#### [PROBLEM REQUIREMENTS]
As an exercise in exact copying, transcribe the lines below from the one holding "倒映在艾布湖上的楚格峰,德国巴伐利亚" through the last, with both ends included and pictures left out.

[Stored items from a collection]
────────────────
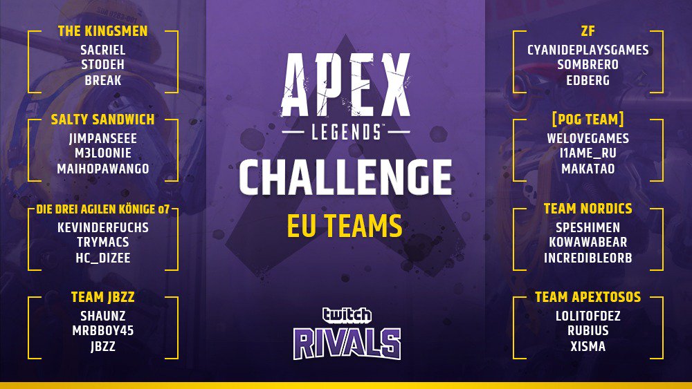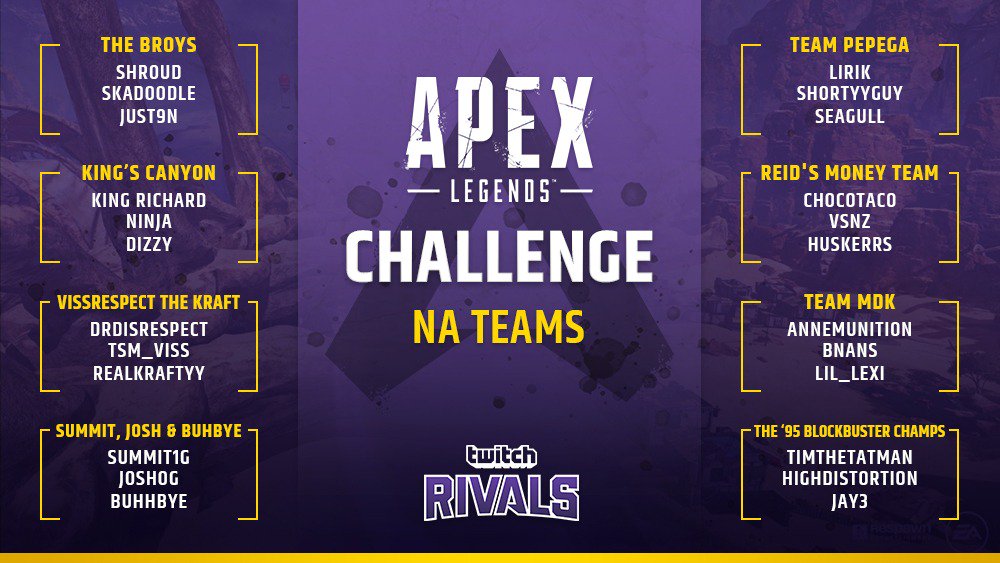 Depuis peu, on dispose de quelques noms qui participeront au Twitch Rivals sur Apex Legends. Pour rappel, chaque région verra s’opposer 16 équipes de 3 joueurs (48 en tout). Pour en savoir,
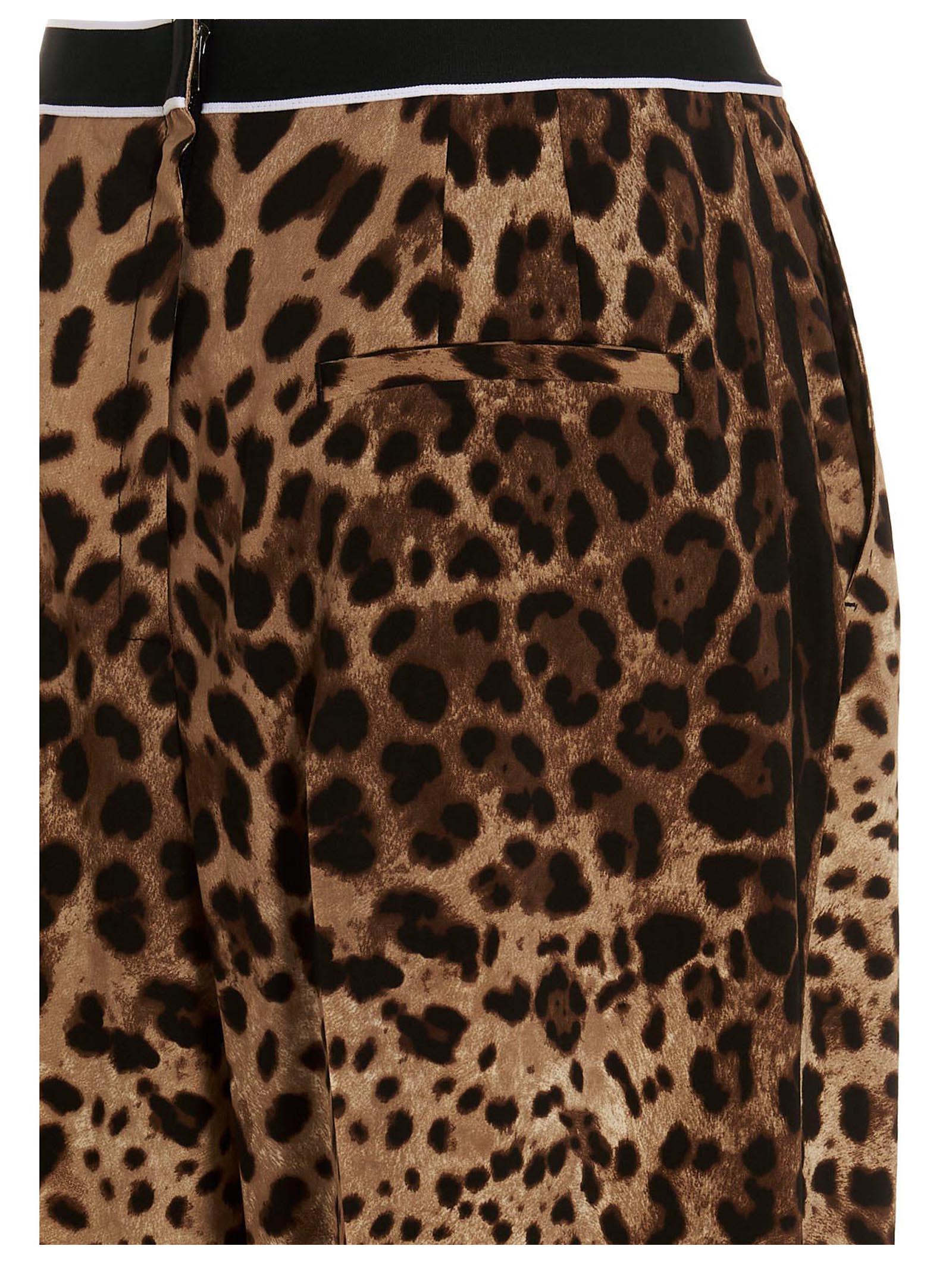 All over leopard print skirt featuring a fabric band at the waist with a logo.
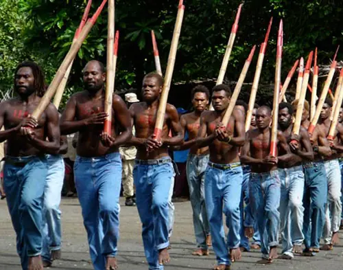 John Frum es uno de los famosos "cultos cargo" que surgieron entre las poblaciones indígenas aislados en el Pacífico Sur durante la Segunda Guerra Mundial, cuando los bárbaros vieron aterrizar aeronaves extranjeras completo de la carga y trató de poseer los bienes a través de la magia y ritual. John Frum pertenece a la isla de Tanna en Vanuatu. John Frum se representa como un militar estadounidense que apareció durante la Segunda Guerra Mundial, con la promesa de la riqueza material del mundo occidental a la tribu. Sin embargo, se alentó a la tribu para evitar todos los otros intentos de colonialismo y el cristianismo. Después de la guerra, cuando los estadounidenses partieron, los seguidores de John Frum construyen pistas de aterrizaje simbólicos para fomentar aviones estadounidenses para volver a la carga. 15 de febrero se observa como "John Frum Día" en Vanatu, cuando la gente se viste como militar estadounidense y con orgullo exhiben objetos de interés estadounidenses y las letras ". EE.UU." antropológicamente hablando, estas personas simplemente se filtraron sus primeros encuentros con tecnología de avanzada estadounidenses - que descendieron del cielo llevando una riqueza inimaginable - a través de su propio sistema de creencias: un sistema de creencias que permite dioses-entre los hombres-y el poder de la magia. Tasa de los seguidores de John Frum sólo una tuerca.
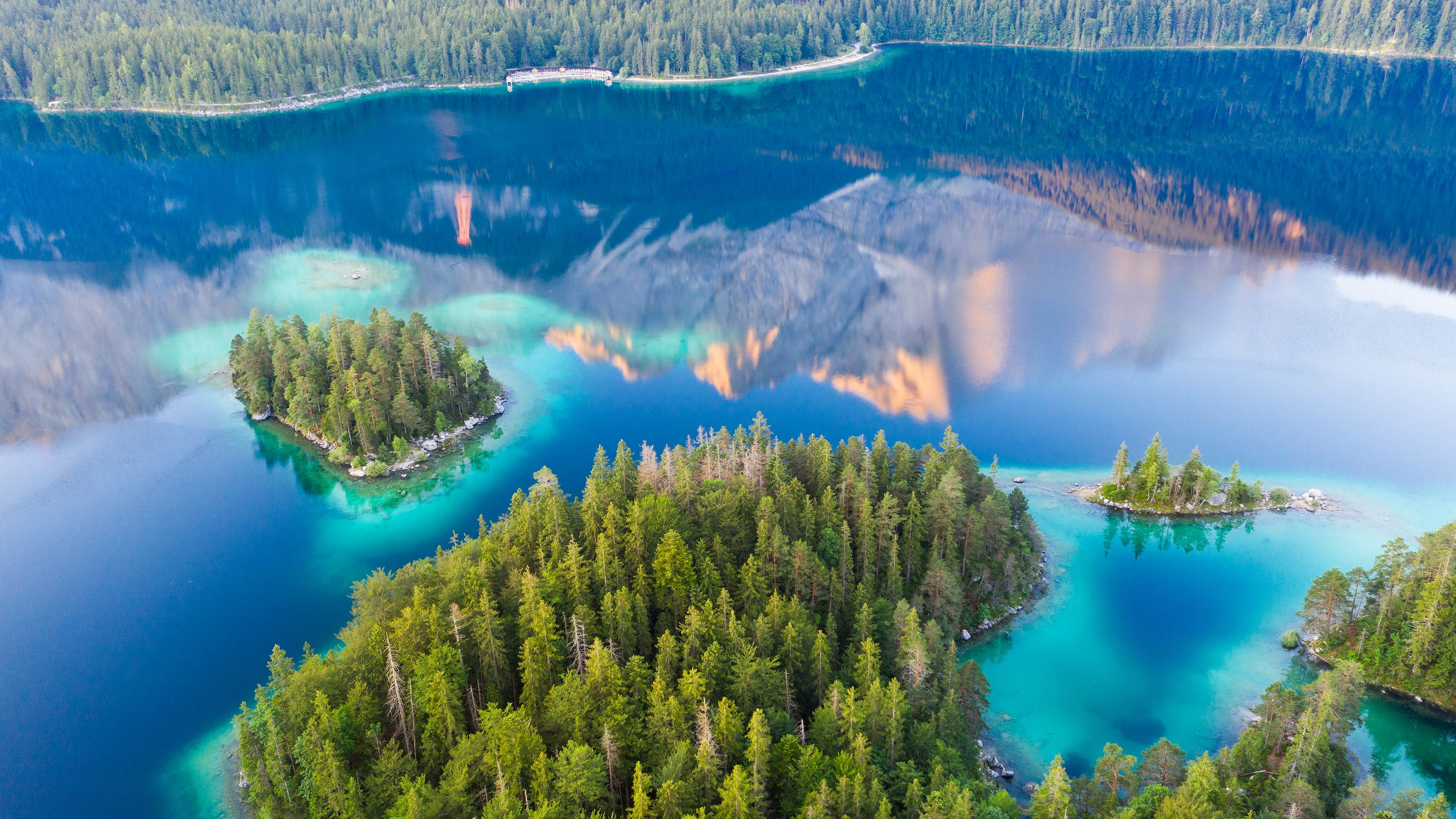 倒映在艾布湖上的楚格峰,德国巴伐利亚
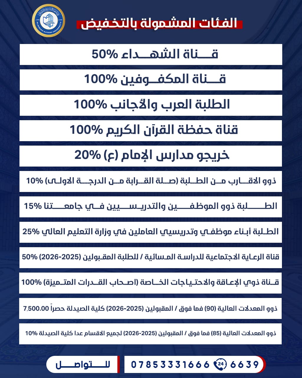 القسط السنوي موزع على أربع دفعات مريحة ،ويبلغ للدراسة الصباحي (2,000,000 دينار عراقي)، وللدراسة المسائية ، (2,000,000 دينار عراقي) فقط و هناك تخفيضات كبيرة ومتنوعة بانتظاركم!
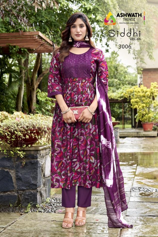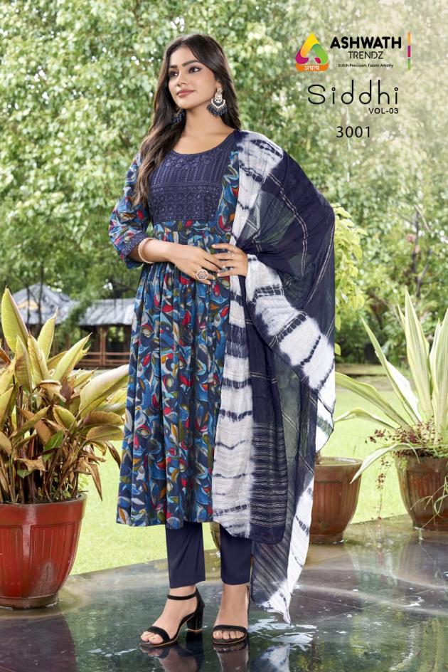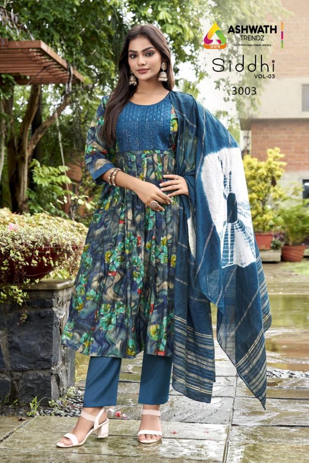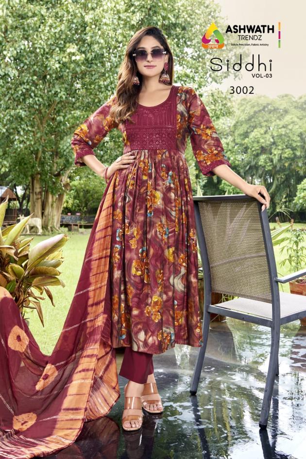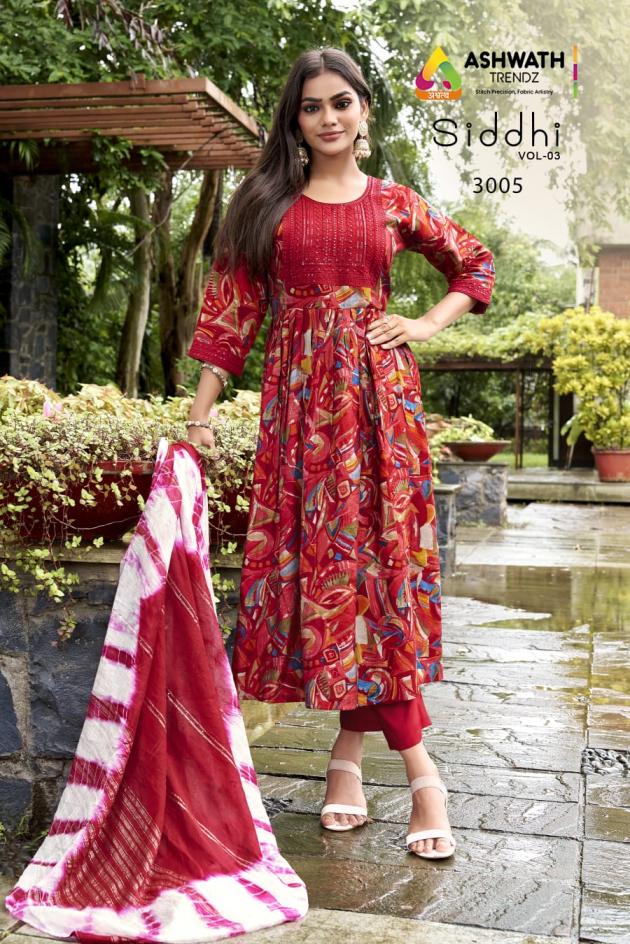 ashwath trendz siddhi vol 3 roman print fully stitch combo set 3pcs dress
────────────────
#### [COMPLETED TASK]
 倒映在艾布湖上的楚格峰,德国巴伐利亚
 القسط السنوي موزع على أربع دفعات مريحة ،ويبلغ للدراسة الصباحي (2,000,000 دينار عراقي)، وللدراسة المسائية ، (2,000,000 دينار عراقي) فقط و هناك تخفيضات كبيرة ومتنوعة بانتظاركم!
 ashwath trendz siddhi vol 3 roman print fully stitch combo set 3pcs dress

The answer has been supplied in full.